Beim Stauning Kaos* handelt es sich um einen Blend verschiedener Fässer. Die Mischung setzt sich aus drei Fässern Rye, zwei Fässern peated und einem Fass nicht-peated Single-Malt-Whisky zusammen. Zudem kommt noch heather-smoked Whisky in die Mischung, also ein Whisky mit Heidekraut-Aromen. Alex Munch: „Wir haben herausgefunden: Peat ist guter Whisky, Heather ist guter Whisky, aber 1+1 ergibt in dem Fall 3. Das ist nicht typisch, vor allem bei Whisky.”

“Für die Whisky-Welt ist es super-chaotisch, Rye Whisky mit Single Malts zu verblenden”, erklärt Alex. Daher also der Name. Es gibt aber auch noch eine andere Geschichte, verrät er: „Stauning or Chaos”, (im Original “Stauning eller Kaos”) ist ein berühmter dänischer Wahlslogan aus den Parlamentswahlen von 1935, bei denen der Sozialdemokrat Thorvald Stauning für seine Wiederwahl warb.

Beim Kaos kommen neben den 1st Fill Makers-Mark-Fässern auch schwer ausgekohlte neue Fässer aus amerikanischer Eiche zum Einsatz. Auch hier setzt das Unternehmen auf lokal angebaute Gerste und Roggen, die zu 100 Prozent in der Destillerie gefloor-malted wird. Der Whisky selbst wird zweifach in Pot Stills destilliert.
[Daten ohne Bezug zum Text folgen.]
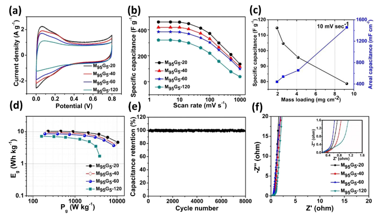 Figure 3. MXene-石墨烯雜化水凝膠在三電極結(jié)構(gòu)中的儲能性能

In der Nase ist der Whisky sehr interessant, neben Getreidearomen vernimmt man Schokolade und würzige Zimtnoten. Am Gaumen zeigen sich wieder die Vanillenoten, zu denen sich Lakritz und getrocknete Früchte gesellen. Dieser Whisky, das zeigte eine Verkostung im Freundeskreis, ist nicht jedermanns Sache. Er hat wenig Rauch, etwas Würze und ist wahnsinnig komplex. Durch die höhere Süße hinterlässt er ein anderes Mundgefühl. Wie der Rye ist er maximal 3,5 Jahre alt. Er kostet circa 70 Euro.

Rob Roy
Rob Roys wie am Fließband

Kaos-Cocktail

Mit dem Stauning Kaos* wurden zwei Drinks serviert – der eingangs erwähnte Rob Roy, der leider nicht mein Fall war, und der Kaos Kick. Hierbei handelt es sich um eine Variation des Camerons Kick, bei dem klassisch Scotch Whisky zum Einsatz kommt.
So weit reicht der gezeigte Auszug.